[Exercise objective] Reproduce, exactly and only, the lines of the data that follows from the one containing "Mädchen in Hoyerwerdaer" down to the one containing "実習で使用したアンプル、バイアル、シリンジ、輸液バック等の備品", without pictures.

(Data entries)
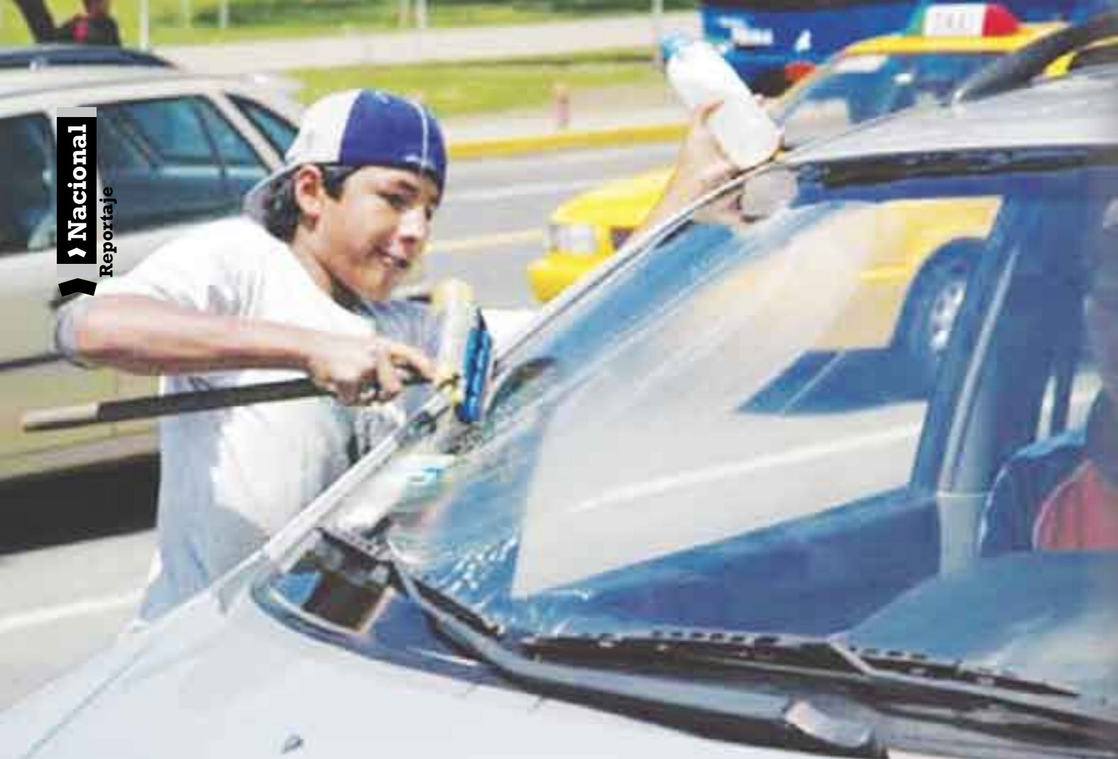
Los niños (sujetos de derechos) que el gobierno se niega a reconocer.

las calles del Centro Histórico del Distrito Federal. Cuando se le preguntó cuánto ganaba y en qué lo gastaba, contestó que 100 pesos al día y que no lo gastaba en algo porque su patrona se los guarda desde hace muchos años. Es decir, nunca ha recibido un pago.
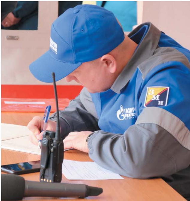
Задача диспетчера – координация действий расчёта
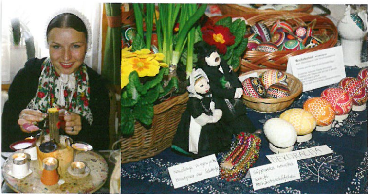
Mädchen in Hoyerwerdaer Tracht beim Ostereiermarkt in Neuwiese/ Nowa Łuka

Bei der Kratztechnik werden die Eier kräftig gefärbt, anschließend wird mit einem scharfen spitzen Gegenstand in die farbige Eierschale das Muster eingekratzt. Die Ornamentik ist filigraner und zierlicher. Beliebte Motive sind das Herz als Symbol für Treue und Liebe, Dreiecke für göttliche Trinität und Blumen und Ranken für den Lebensbaum als Symbol der Fruchtbarkeit.
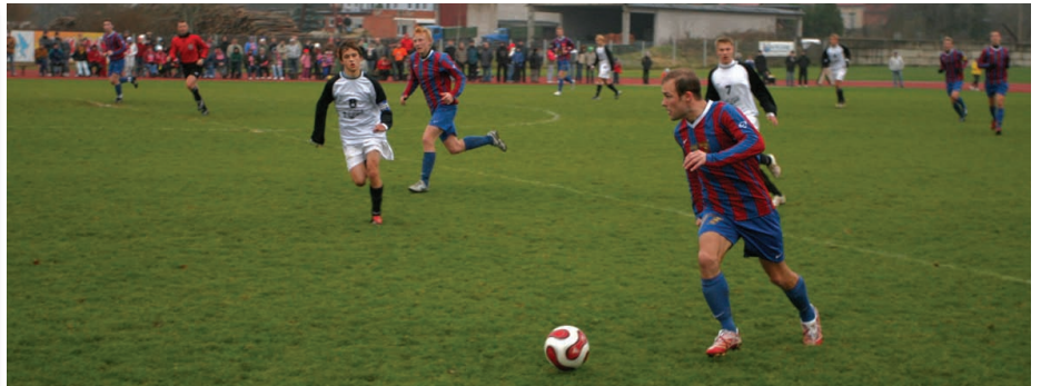
Paide pallurid võitlesid end poodiumile.
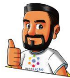
Design: Elton Batista
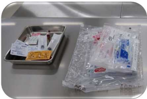
実習で使用したアンプル、バイアル、シリンジ、輸液バック等の備品
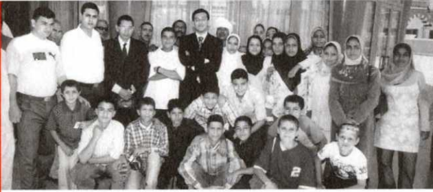
لقطة جماعية لطلبة المدرسة والمدرسين بمدينة دريم بارك الترفيهية

[Finished task]
Mädchen in Hoyerwerdaer Tracht beim Ostereiermarkt in Neuwiese/ Nowa Łuka

Bei der Kratztechnik werden die Eier kräftig gefärbt, anschließend wird mit einem scharfen spitzen Gegenstand in die farbige Eierschale das Muster eingekratzt. Die Ornamentik ist filigraner und zierlicher. Beliebte Motive sind das Herz als Symbol für Treue und Liebe, Dreiecke für göttliche Trinität und Blumen und Ranken für den Lebensbaum als Symbol der Fruchtbarkeit.
Paide pallurid võitlesid end poodiumile.
Design: Elton Batista
実習で使用したアンプル、バイアル、シリンジ、輸液バック等の備品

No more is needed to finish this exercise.